WORK REQUIRED
Return, without pictures, the lines from the start of the data through the one that contains "The Wilderness Warrior".

RECORD EXTRACTS
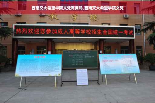 有本科文凭和专科文凭两种。西南交通大学希望学院是经国家教育部批准,西南交通大学举办、华西希望集团投资的全日制普通本科高等院校。学院位于四川省成都市金堂县学府大道。学院设有土木工程学院、商学院、轨道交通学院、外语系、基础部、思政部等教学单位,开办本专科专业43个,面向全国14个省市招生,现有在校学生20000余人。
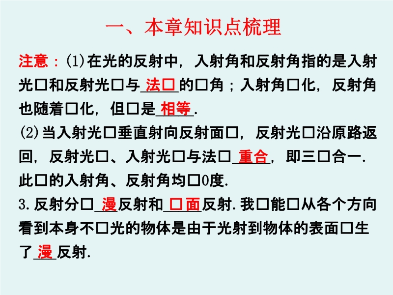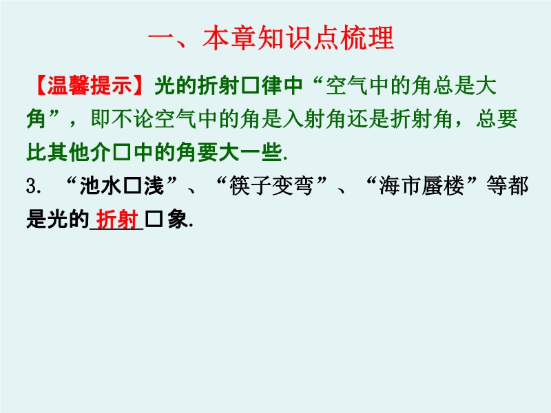 【内容简介】人教版《第四章 光现象》PPT单元复习课件,共有28张幻灯片,课件引导学生复习本章的知识,通过习题精炼提高学生的能力.
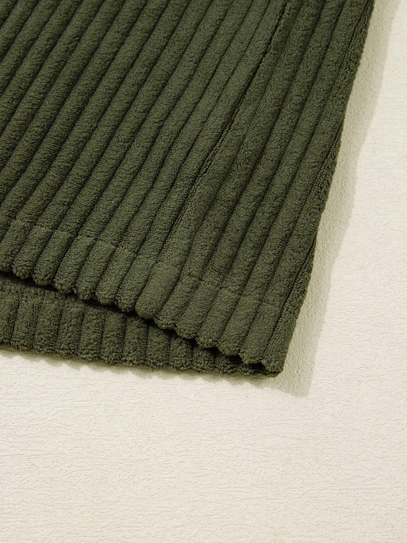 Ribbed Fleece Plaid Print Patchwork Button Up Jacket
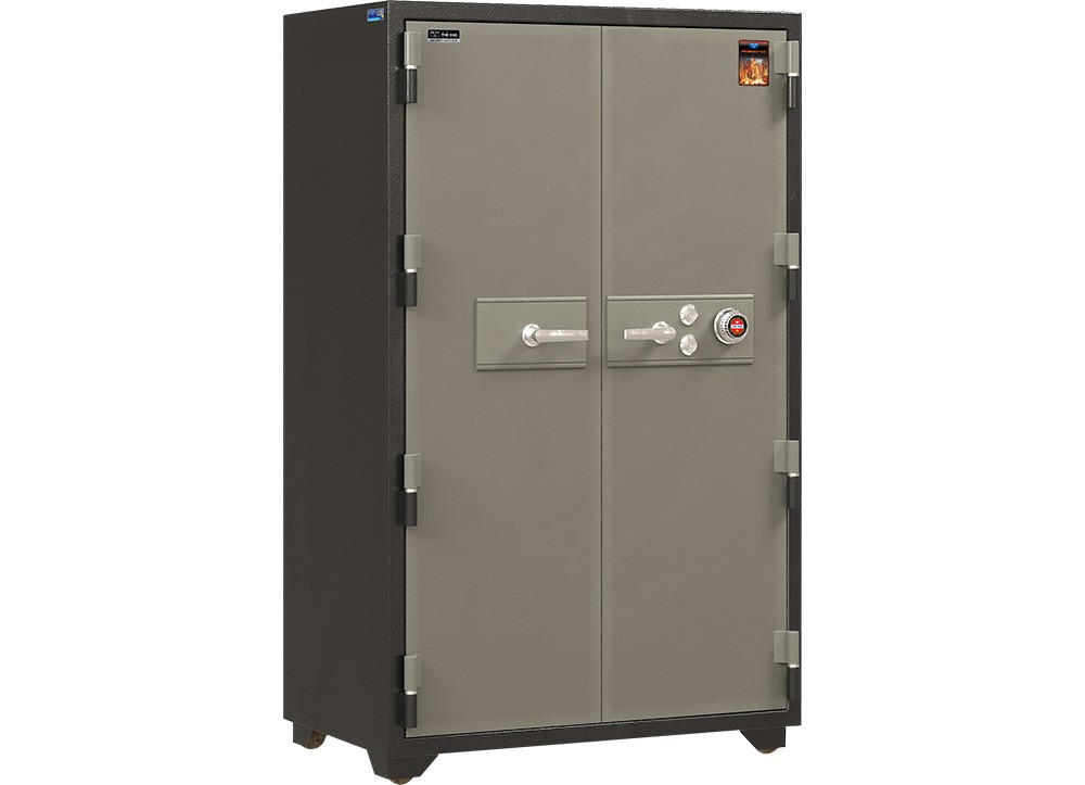 Két đứng hai cánh mở có 2 khóa chìa, 1 khóa mã và 2 tay nắm.
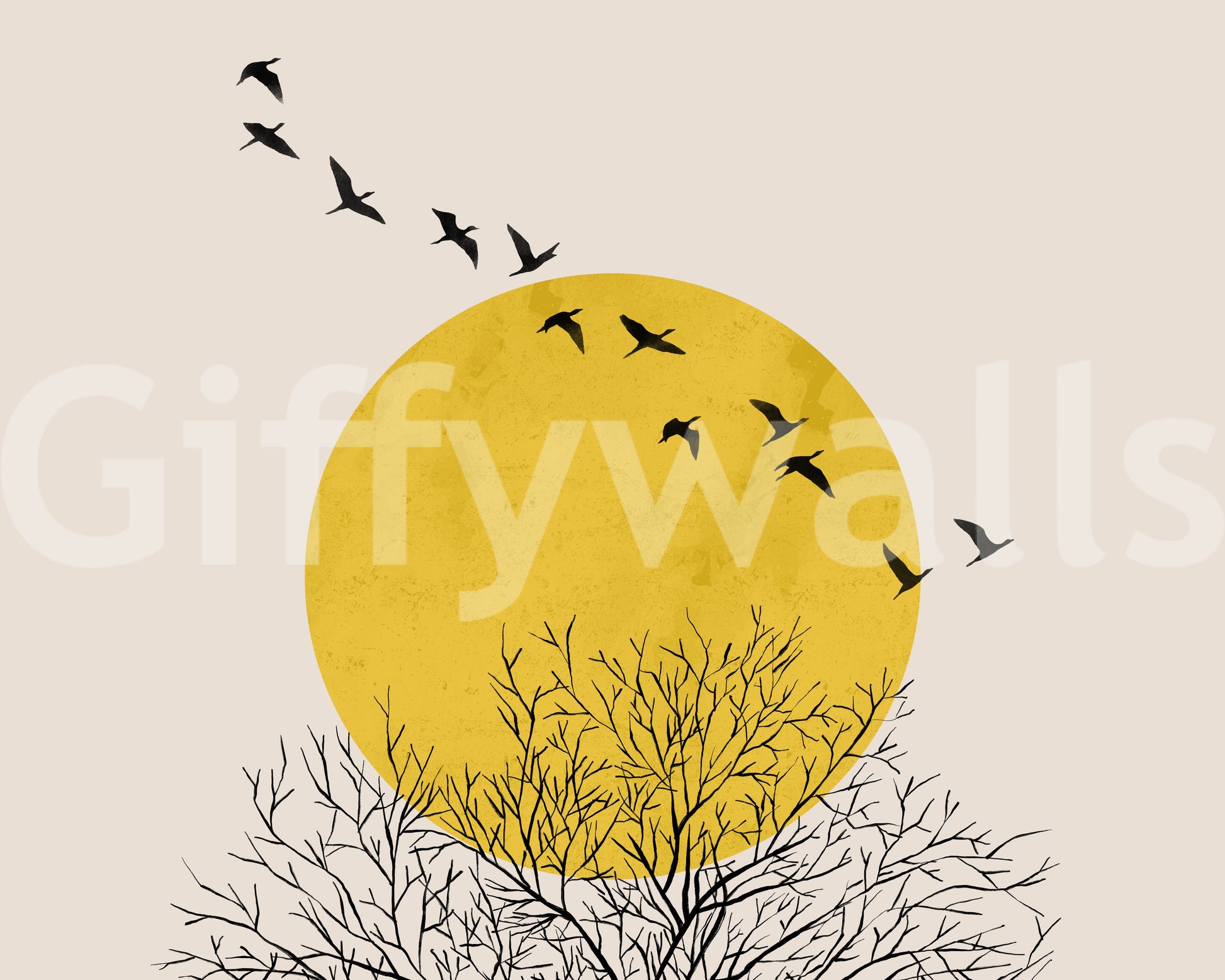 Embrace the tranquility of dawn with "Birds at Sunrise," a minimalist piece that brings the serene beauty of nature into your home. This captivating artwork features a striking, textured golden sun rising behind a cluster of delicate, bare branches. A flock of birds, silhouetted against the luminous sky, embarks on their morning journey, symbolizing hope and new beginnings. The gentle, muted tones create a sense of calm and peace, making it an ideal addition to any room seeking a touch of natural elegance. Let this scene transform your walls into a vista of quiet beauty, inviting a sense of peaceful contemplation into your living space. Ideal for creating a focal point that embodies both simplicity and sophistication. Enhance your environment with the understated charm of the awakening world.
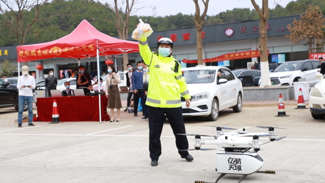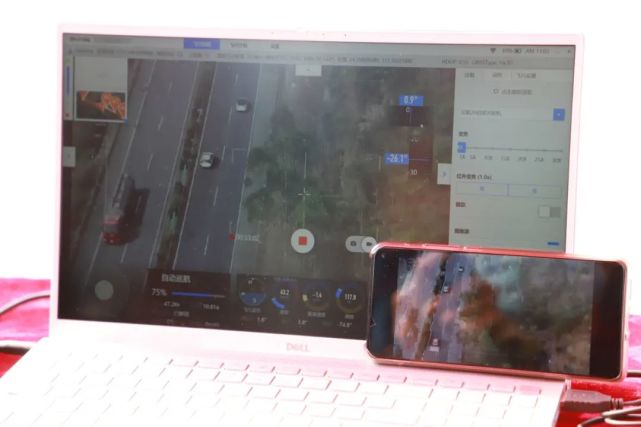 ▲现场,装载有救援物资的无人机驶向预定区域投放。
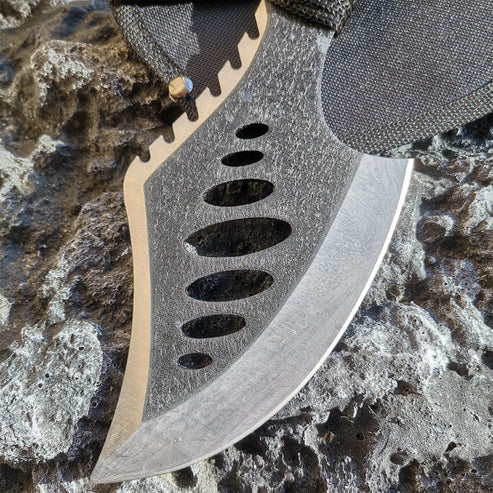 The Wilderness Warrior Axe is forged for those who still believe in doing things the hard way — the right way. With its curved edge, piercing point, and rugged grip, this beast of a blade is built for chopping wood, clearing brush, or holding the line when the wild gets a little too close. It’s not just a tool — it’s a statement that you’re still made of tougher stuff.
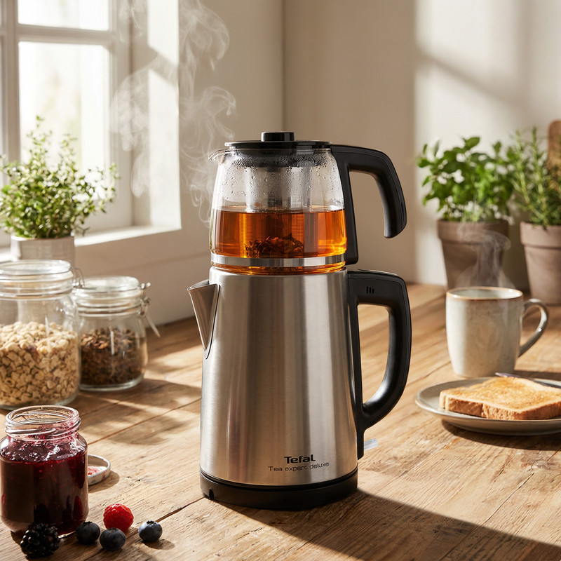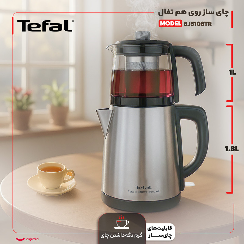 اگر به نوشیدن چای علاقه دارید باید چای ساز تهیه کنید. چای ساز تفال مدل BJ5108TR یک چای ساز جمع و جور است. این مدل قوری، کتری دارد. . ظرفیت کتری آب این مدل 1.8 لیتر است. برای کتری این مدل از جنس استیل و قوری از شیشه استفادهشده است. استفاده از شیشه باعث شده تا بتوانید محتویات درون قوری را ببینید و نیازی باز کردن درب نداشته باشید. این مدل یک پنل دیجیتالی برای اعمال تنظیمات دارد. قوری و کتری این مدل روی هم قرار گرفته و این ویژگی باعث شده تا این چایساز فضای کمتری را اشغال کند. توان صرفی چایساز تفال 1650 وات بوده که این میزان برای مصارف خانگی کافی است. دستگیرهای که برای قوری و کتری تعبیه شده عایق حرارت بوده و باعث شده تا استفاده از این چایساز آسان باشد. یکی از ویژگیهای این محصول طول سیم آن است. تفال برای این مدل سیمی به طول 0.8 متر استفاده کرده که برای یک چایساز میزان استانداردی است.
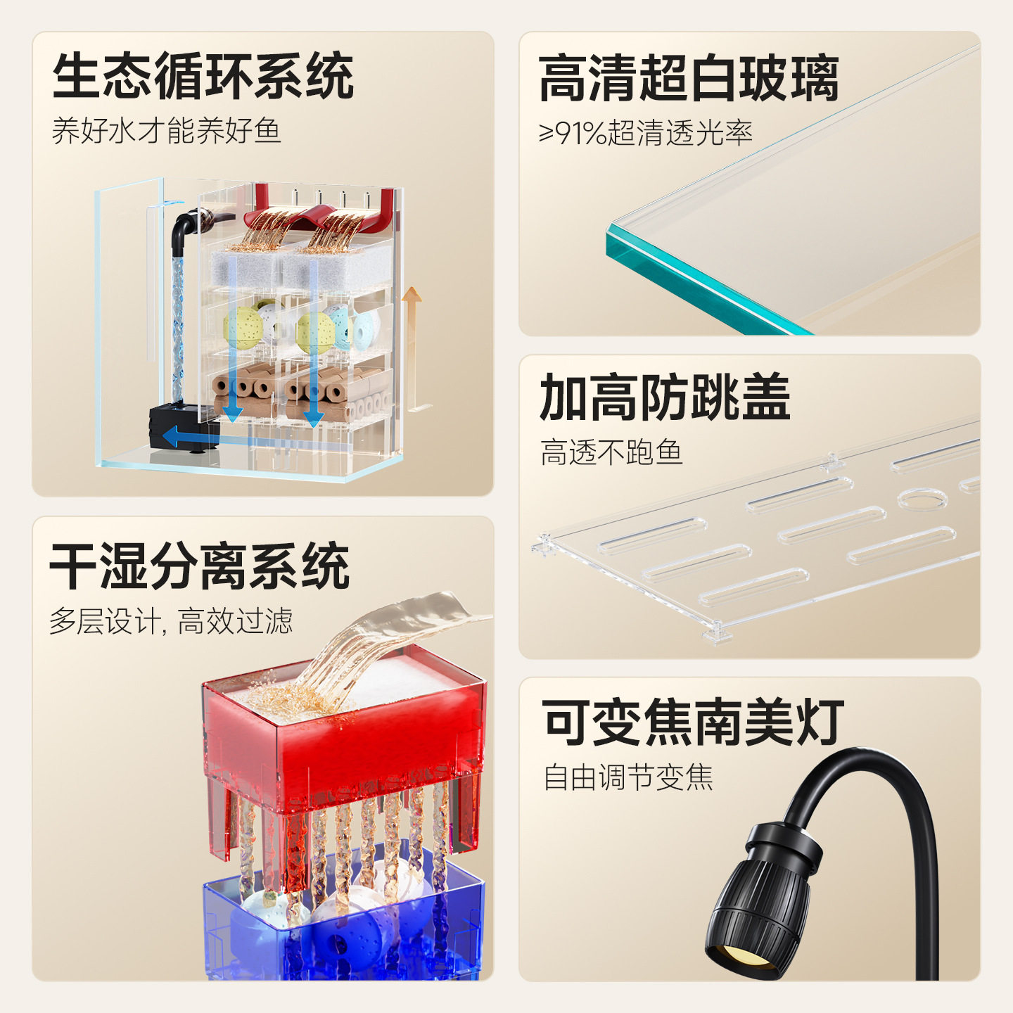 超白玻璃鱼缸小型客厅2026新款过滤制氧一体机桌面金鱼缸龟鱼混养
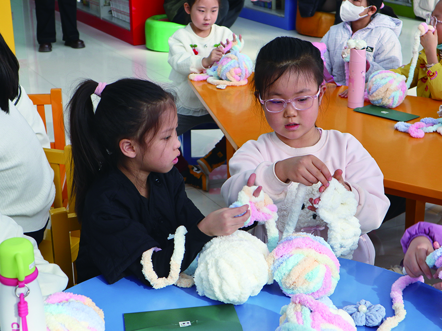 ●小朋友们互相学习织围巾 本报记者 马佳敏 摄

PROBLEM SOLUTION
 有本科文凭和专科文凭两种。西南交通大学希望学院是经国家教育部批准,西南交通大学举办、华西希望集团投资的全日制普通本科高等院校。学院位于四川省成都市金堂县学府大道。学院设有土木工程学院、商学院、轨道交通学院、外语系、基础部、思政部等教学单位,开办本专科专业43个,面向全国14个省市招生,现有在校学生20000余人。
 【内容简介】人教版《第四章 光现象》PPT单元复习课件,共有28张幻灯片,课件引导学生复习本章的知识,通过习题精炼提高学生的能力.
 Ribbed Fleece Plaid Print Patchwork Button Up Jacket
 Két đứng hai cánh mở có 2 khóa chìa, 1 khóa mã và 2 tay nắm.
 Embrace the tranquility of dawn with "Birds at Sunrise," a minimalist piece that brings the serene beauty of nature into your home. This captivating artwork features a striking, textured golden sun rising behind a cluster of delicate, bare branches. A flock of birds, silhouetted against the luminous sky, embarks on their morning journey, symbolizing hope and new beginnings. The gentle, muted tones create a sense of calm and peace, making it an ideal addition to any room seeking a touch of natural elegance. Let this scene transform your walls into a vista of quiet beauty, inviting a sense of peaceful contemplation into your living space. Ideal for creating a focal point that embodies both simplicity and sophistication. Enhance your environment with the understated charm of the awakening world.
 ▲现场,装载有救援物资的无人机驶向预定区域投放。
 The Wilderness Warrior Axe is forged for those who still believe in doing things the hard way — the right way. With its curved edge, piercing point, and rugged grip, this beast of a blade is built for chopping wood, clearing brush, or holding the line when the wild gets a little too close. It’s not just a tool — it’s a statement that you’re still made of tougher stuff.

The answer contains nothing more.